### PROVIDED MATERIAL:
========
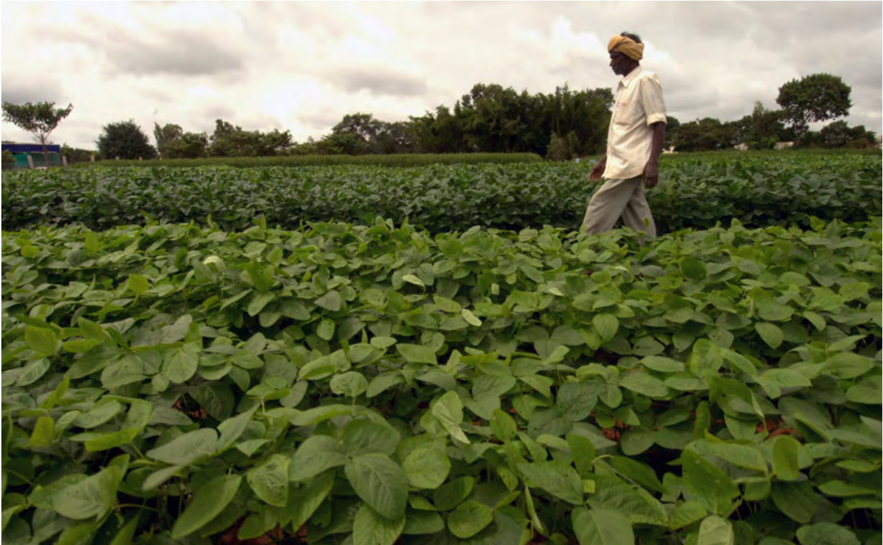
Soyaplantasje. Bangalore, India.
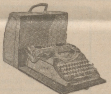
Máquinas de escribir Underwood, de viejo oficina. Reparación de toda clase de máquinas. Cambio o compra de máquinas.

Casa Munguía PLAZA MAYOR, 42 LAÍN CALVO 9 Y 11 BURGOS SECCION DE MAQUINAS
========
### EXERCISE DETAILS:
In your copy, include no pictures; print every line above exactly.

### SOLUTION FOR THIS EXERCISE:
Soyaplantasje. Bangalore, India.
Máquinas de escribir Underwood, de viejo oficina. Reparación de toda clase de máquinas. Cambio o compra de máquinas.

Casa Munguía PLAZA MAYOR, 42 LAÍN CALVO 9 Y 11 BURGOS SECCION DE MAQUINAS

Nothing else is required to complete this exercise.